導入の全体像
| Step | 内容 | 期間目安 |
|---|---|---|
| 1 | 計画策定(要件整理・ライセンス選定) | 1〜2週間 |
| 2 | テナント構築(Entra ID・DNS・ドメイン) | 1週間 |
| 3 | セキュリティ設定(MFA・条件付きアクセス) | 1〜2週間 |
| 4 | データ移行(メール・ファイル) | 1〜4週間 |
| 5 | ユーザー展開(PC設定・教育) | 1〜2週間 |
| 6 | 運用定着(フォロー・改善) | 1ヶ月〜 |
Step 1:計画策定
- 現状調査:現在のメール・ファイルサーバー・グループウェアの利用状況を把握
- 要件整理:「何を実現したいか」(テレワーク対応、セキュリティ強化、コスト削減等)
- ライセンス選定:Business Basic(Web版のみ)/ Standard(デスクトップ版)/ Premium(+Intune・条件付きアクセス)の選択
- スケジュール策定:移行日の決定、バックアップ計画、コミュニケーション計画
💡 ライセンス選定のポイント
セキュリティを重視するならBusiness Premium一択です。MFA、条件付きアクセス、Intune、Defender for Businessがすべて含まれ、ゼロトラストの基盤を追加コストなしで構築できます。
Step 2:テナント構築
- テナント作成:M365管理センターでテナントを作成
- カスタムドメイン追加:自社ドメイン(example.co.jp)を追加し、DNS検証を完了
- Entra IDの設計:ユーザー作成、グループ設計(部門別・プロジェクト別)、ライセンス割り当て
- 管理者ロールの設定:グローバル管理者は最小限(2〜3名)に限定
Step 3:セキュリティ設定(最重要)
データ移行の前にセキュリティを設定します。
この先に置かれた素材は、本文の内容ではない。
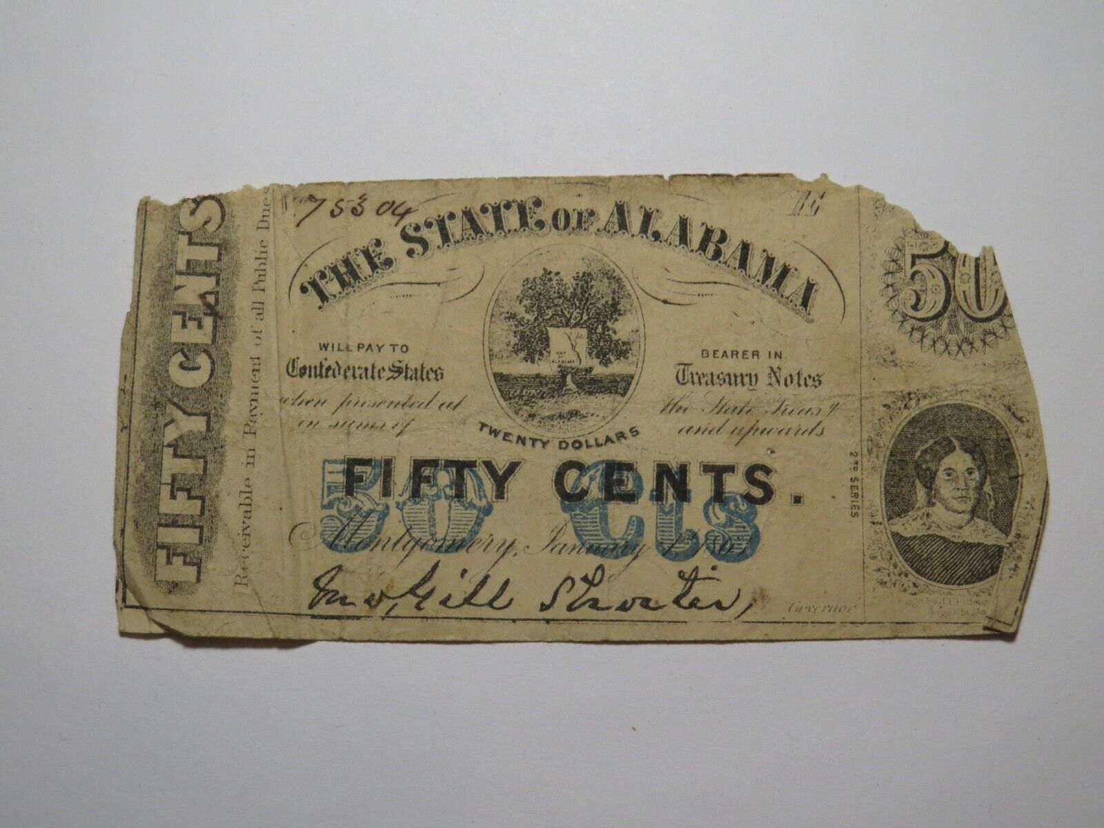 Up for auction is a $.50 1863 Montgomery Alabama Obsolete Bank Note. This note is dated January 1, 1863. This note was issued by The State of Alabama. This bill is a must have for any collector of Obsolete Currency. If you have any questions please feel free to ask!
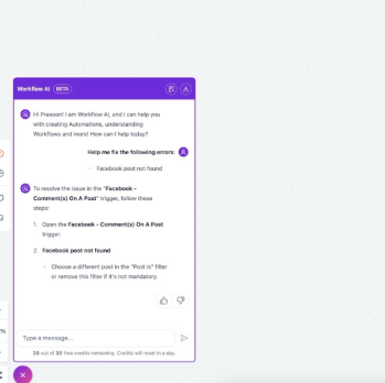 How to Use the AI for Error ResolutionWhen you are creating a workflow or editing the existing one:
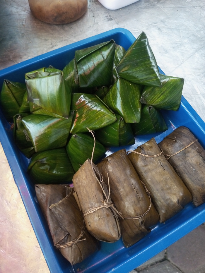 A blue tray overflows with traditional Southeast Asian snacks. The upper section presents multiple vibrant green, pyramid-shaped parcels, likely made with banana leaves. Below them, there are rectangular packages wrapped in faded brown leaves, and secured with twine. The entire arrangement is a showcase of rustic packaging and local cuisine.

セキュリティが不十分な状態でユーザーを展開するとリスクが発生します。
- MFA:全ユーザーにMFAを有効化(セキュリティの既定値群 or 条件付きアクセス)
- 条件付きアクセス:場所・デバイスに基づくアクセス制御(→ 設計パターン集)
- メールセキュリティ:SPF/DKIM/DMARCの設定、Defender for Office 365の有効化
- 外部共有の制御:SharePoint/OneDriveの外部共有を「既存のゲストのみ」に制限
- 監査ログ:統合監査ログを有効化
Step 4:データ移行
- メール移行:IMAP移行、カットオーバー移行、またはサードパーティツール(BitTitan等)を使用
- ファイル移行:Migration Managerでファイルサーバー/Google DriveからSharePoint/OneDriveに移行
- パイロット移行:5〜10名の少人数で先行移行し、問題点を洗い出し
- DNS切替:MXレコード・Autodiscoverの切替(メール移行の最終ステップ)
Step 5:ユーザー展開
- PC設定:Officeアプリのインストール、Outlook/Teams/OneDriveの初期設定
- 利用ルールの周知:Teams/SharePoint/OneDriveの使い分けルール、ファイル命名規則
- トレーニング:管理者向け(1〜2時間)+ユーザー向け(30分〜1時間)
Step 6:運用定着
- 1ヶ月間のフォロー:ユーザーからの質問対応、設定の微調整
- 活用状況のモニタリング:M365管理センターの利用状況レポートで活用度を確認
- 改善提案:利用率が低い機能の活用促進、追加のセキュリティ設定
まとめ
M365導入は「計画→構築→セキュリティ→移行→展開→定着」の6ステップで進めます。最も重要なのはStep 3のセキュリティ設定で、データ移行の前に必ず完了させましょう。